1.1 A full answer to this would exceed the word
limit. This submission will therefore only consider procurement
method involved in the provision of substantial assets, such as
buildings, civil engineering works or complex IT systems. A summary
of generally accepted strengths and weaknesses for a broad category
of procurement methods is presented:
Procurement |
| Strengths |
| Weaknesses |
Fragmented:
Separate procurement for design, build, operation and maintenance contracts (D+B+O)
| | Choose separate tailored parties for
each phase
| | Can take longer to deliver with opportunities for disagreement
|
| | |
| Opportunities for difference between bid prices and out-turn costs and delivery times
|
Partially integrated:
Single contract for design and build, separated from operation (D&B+O)
| | Reduced contracting so lower transaction costs
| | Reduced input from client in design process
|
| | Incentivises for communications between D & B to improve "buildability"
| | "Buildability" may be achieved at cost of operational performance
|
Professional: outsourced procurement process as a form of cost plus procurement
| | Operational specifications guide design and build
| | Client retains significant final cost risk
|
| | Able to deliver novel projects quickly
| | |
Fully integrated: Design, build, finance and operation wrapped up together into one contract eg PFI (DBFO)
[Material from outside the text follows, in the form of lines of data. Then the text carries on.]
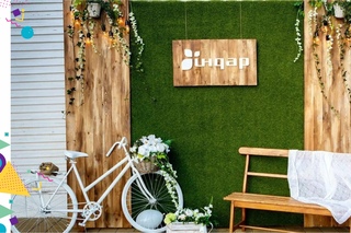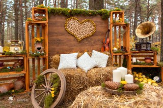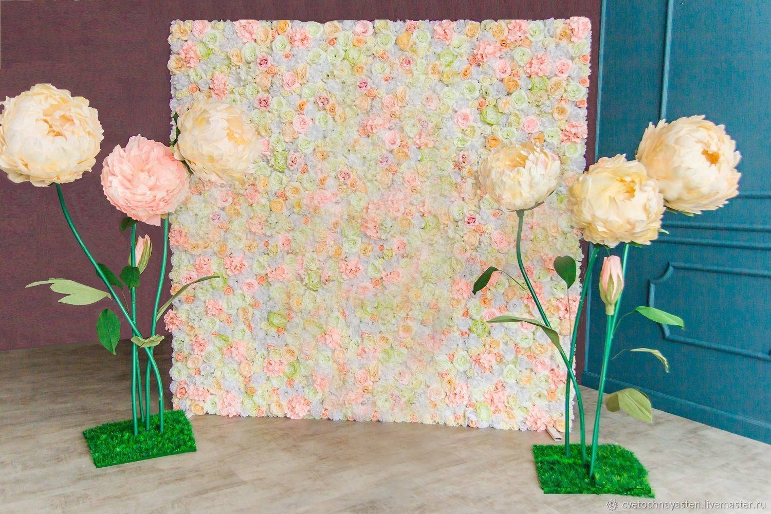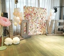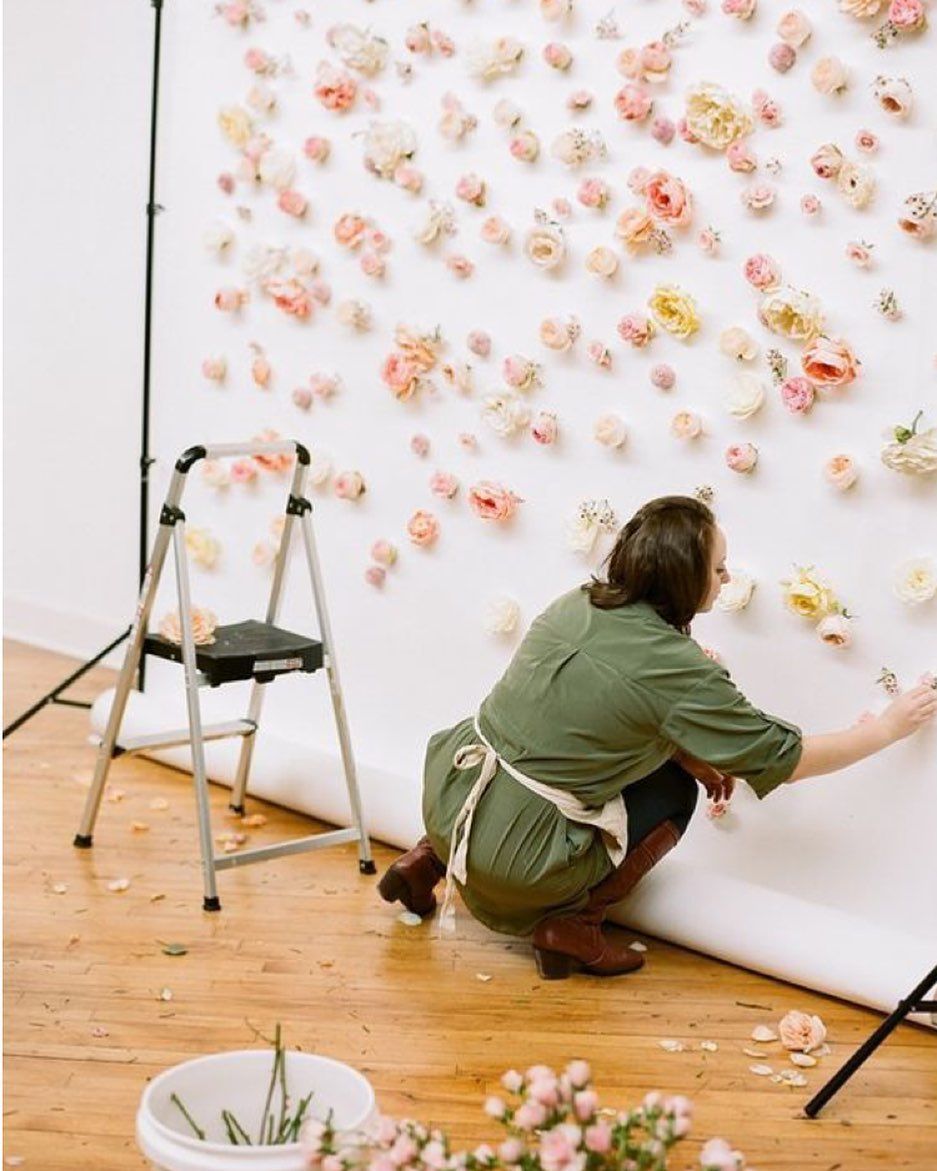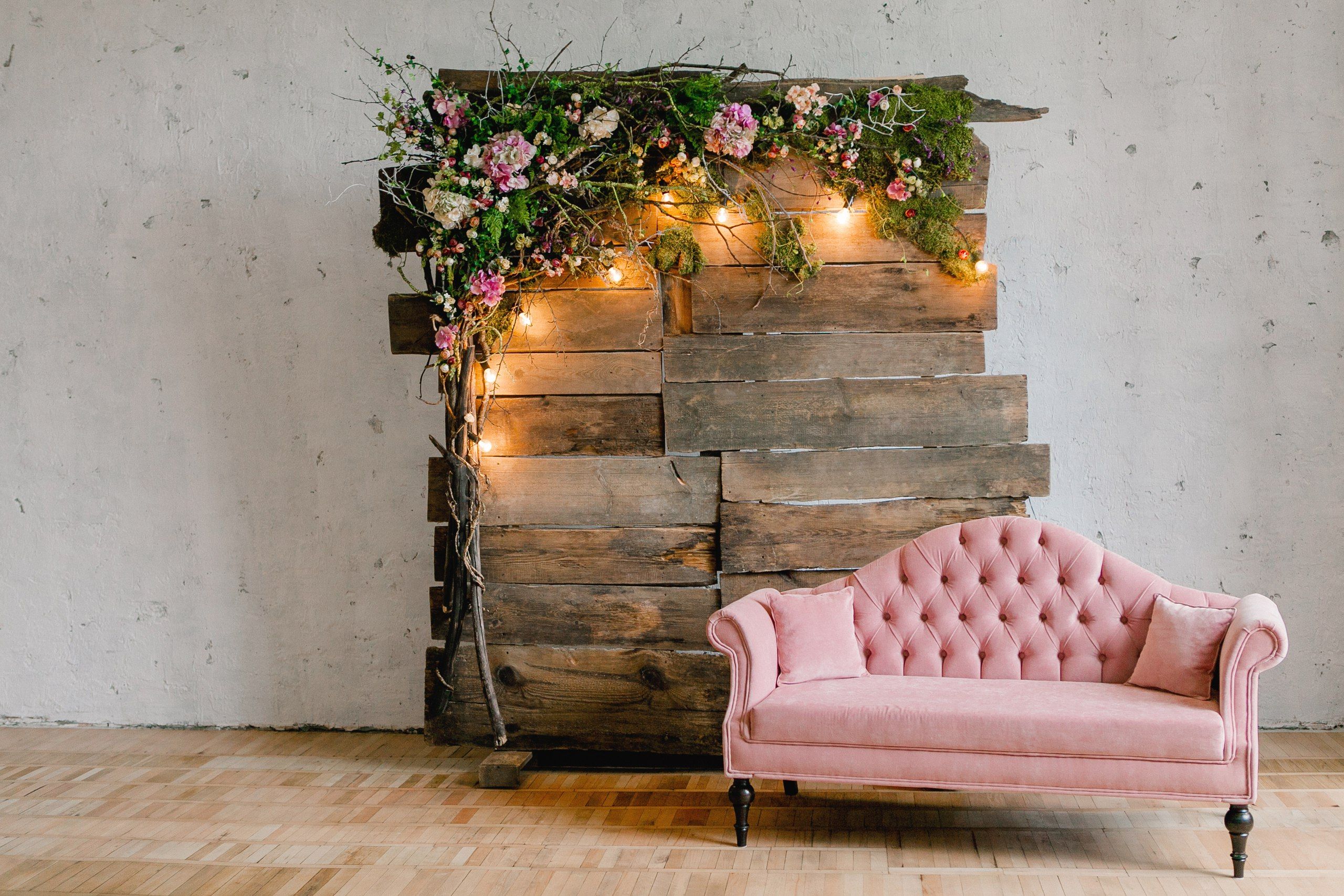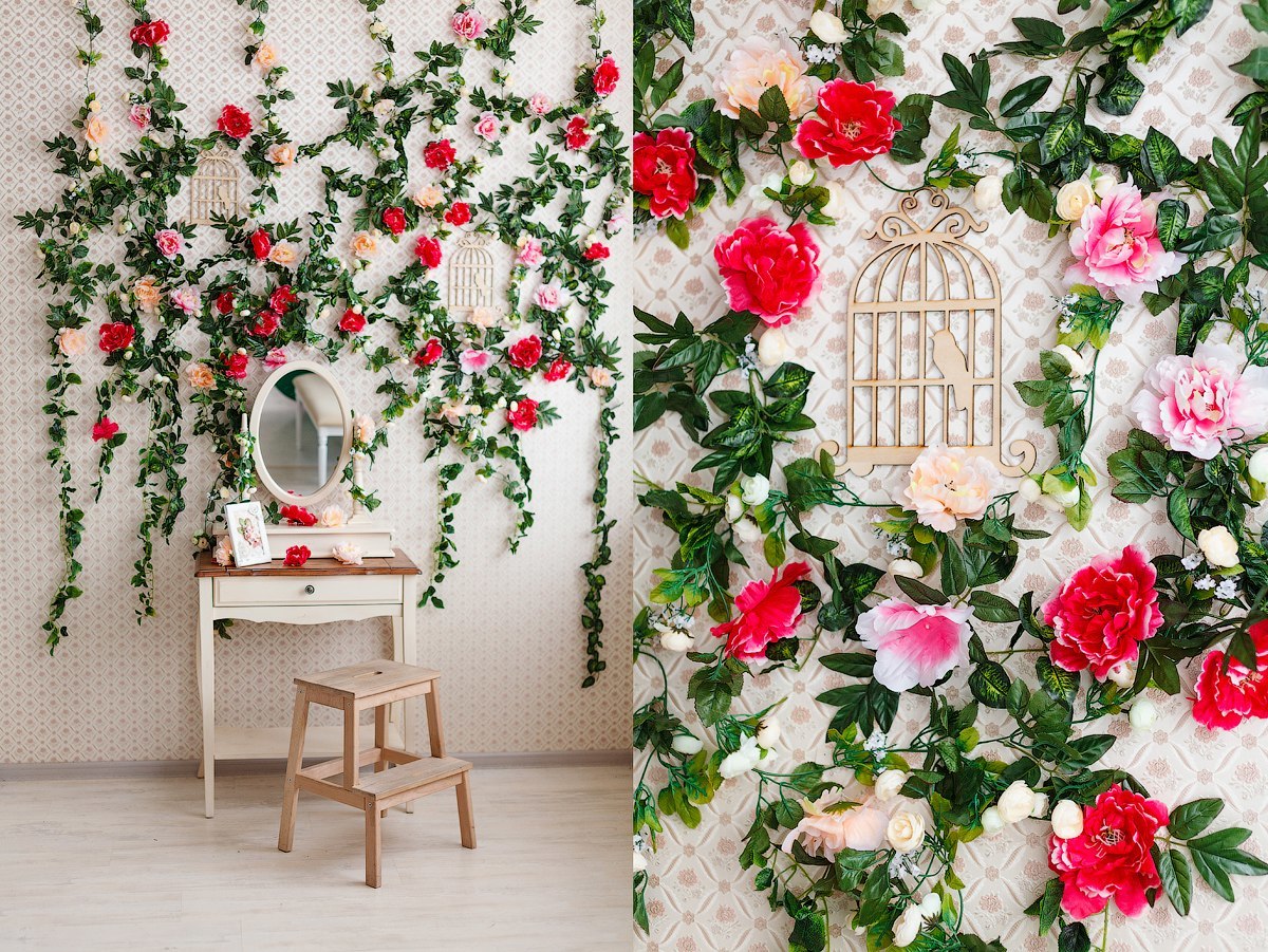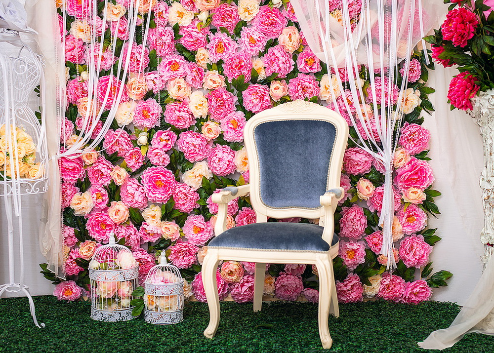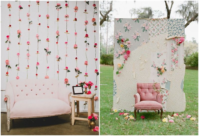 - Цветы и мох придают нежность дизайну фона для фотобудки, сделанного своими руками.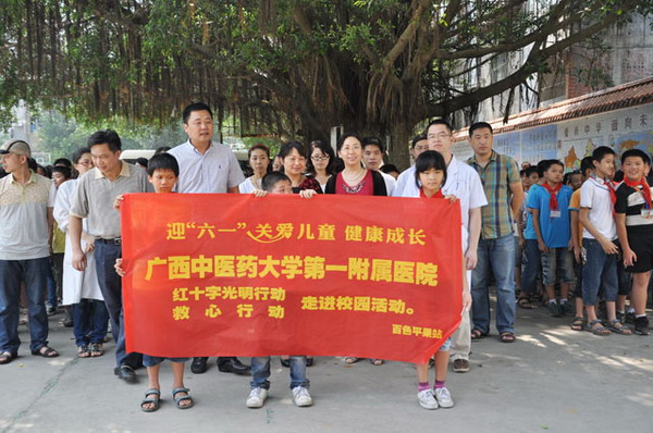 2013年5月23日,一附院党委副书记、纪委书记、副院长吴西西和副院长桂雄斌带领外七科、外二科、医务部负责人以及相关医务人员组成的专家组走进百色市平果县第一小学,开展“迎六一 关爱儿童 健康成长”——“光明行动”“救心行动”进校园活动,活动旨在为该校小学学生开展视力、心脏筛查。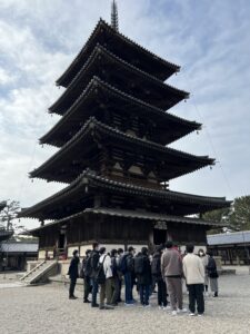 午前中は、バススガイドさんに解説を頂きながら、法隆寺で飛鳥・奈良時代の文化に触れてきました。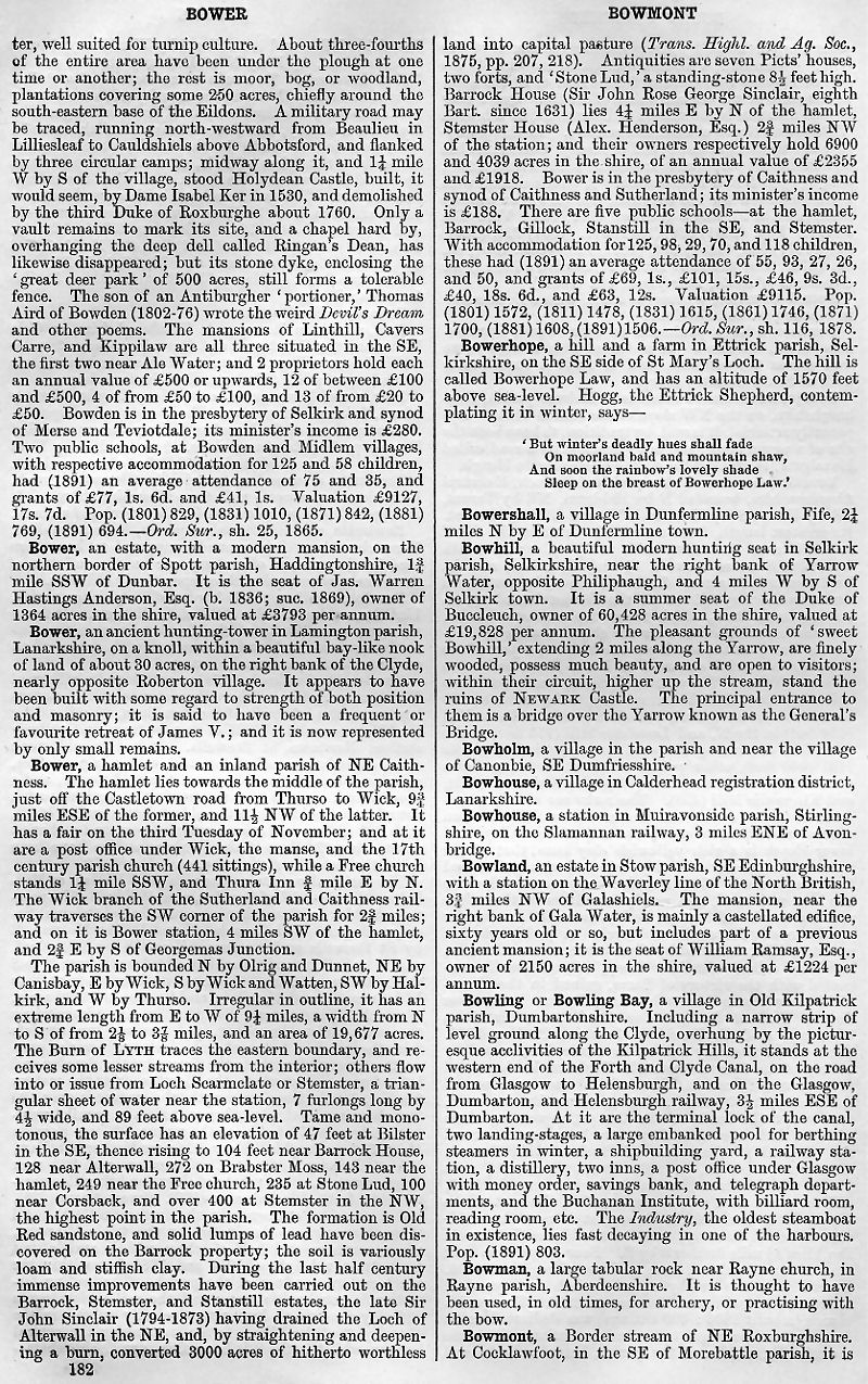 Bower, Bowerhope, Bowershall, Bowhill, Bowholm, Bowhouse, Bowland, Bowling or Bowling Bay, Bowman, Bowmont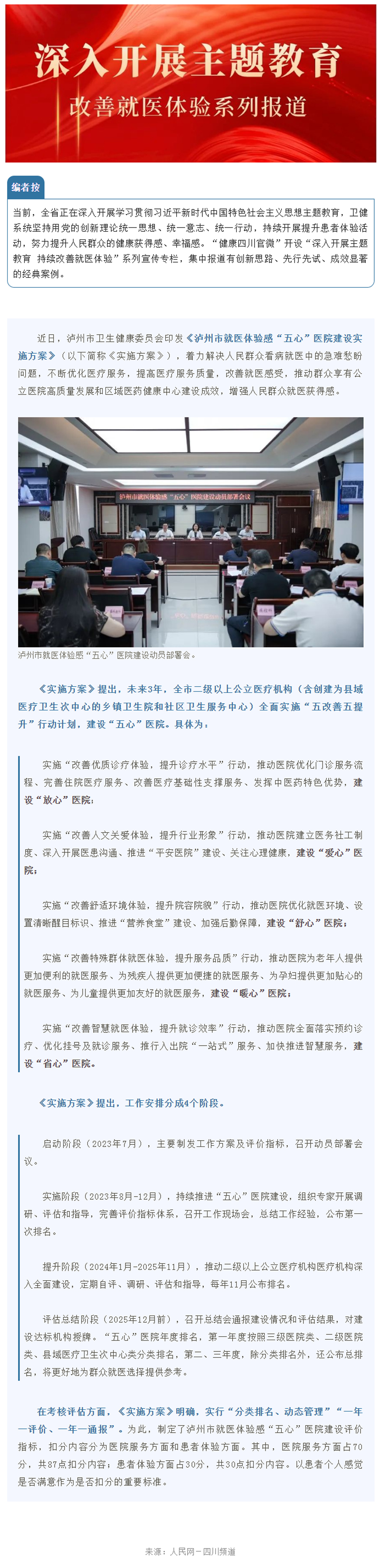 深入开展主题教育 改善就医体验系列报道⑨——泸州:创新建设就医体验感“五心”医院 切实改善群众就医感受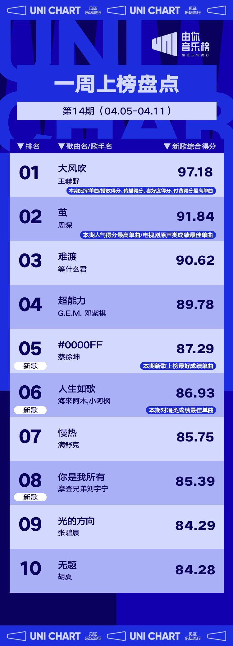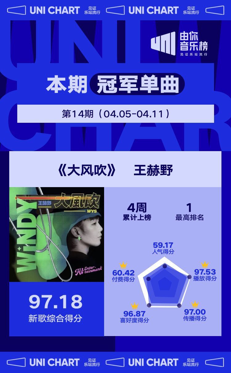 本期冠军单曲来自王赫野演唱的《大风吹》,与此同时,该曲凭借超高的短视频传播效应,一举拿下了本期播放得分、传播得分、喜好度得分、付费得分最高单曲的好成绩。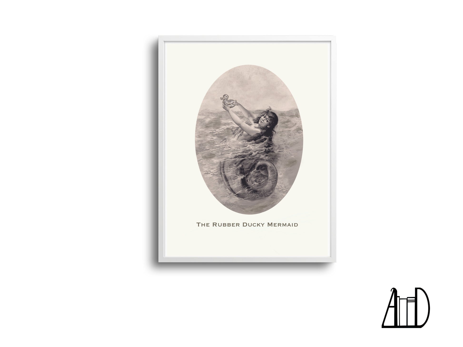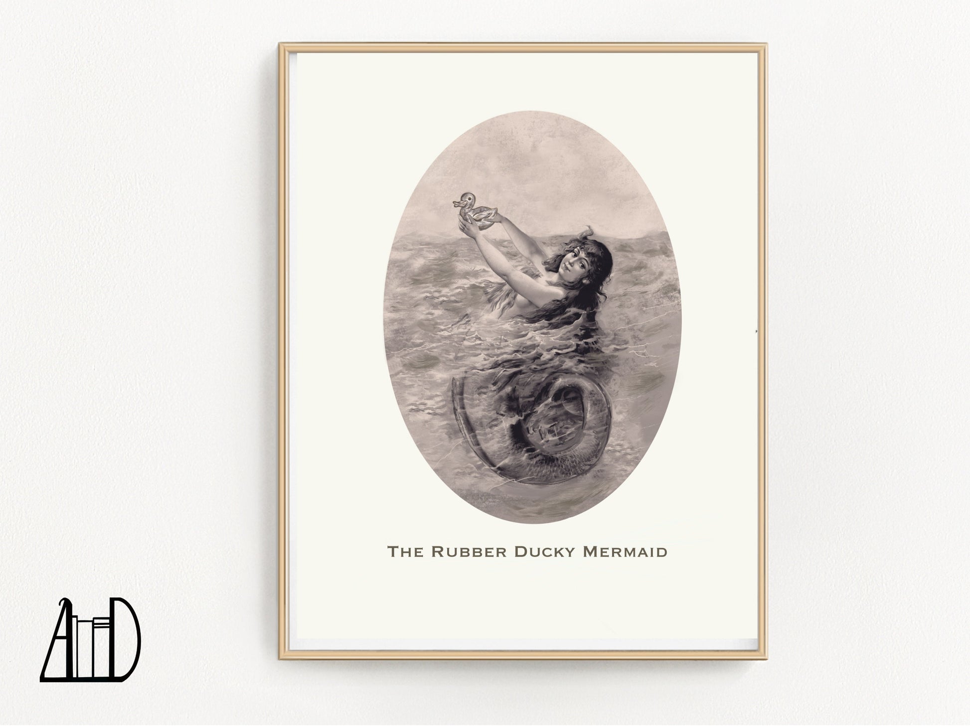 Mermaid Bathroom Rubber Ducky Quirky Art Print, Powder Room Bathing Siren Wall Decor, Rubber Duckie Wall Art Funny Mother's Day Gift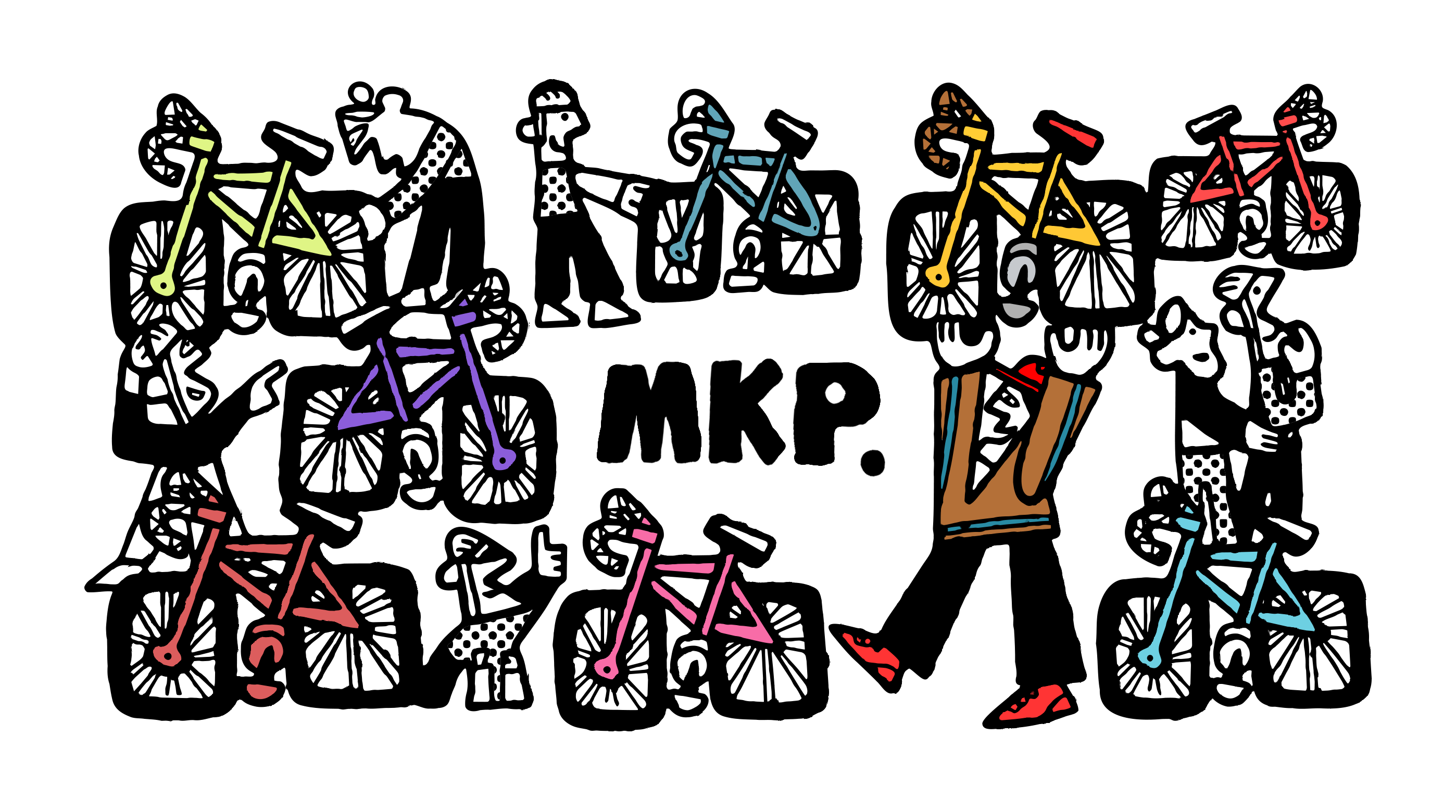 A custom illustration created for a local Melbourne bicycle shop, designed to be displayed in-store and capture the energy and personality of the MKP community.

| | Fully incentivised whole life factors between D, B & O
| | Inherently inflexible beyond contract close
|
| | Risk transfer, client does not pay if agreed service/availability is not delivered
| | Risk transfer can be costly
|
| | Access to private capital for public infrastructure
| | Private capital is more expensive than public
|
1.2 Construction clients suffer both hold-up and quality measurement
problems. No procurement method is best at mitigating both problems.[73]
By making the constructor (and project company which it part owns)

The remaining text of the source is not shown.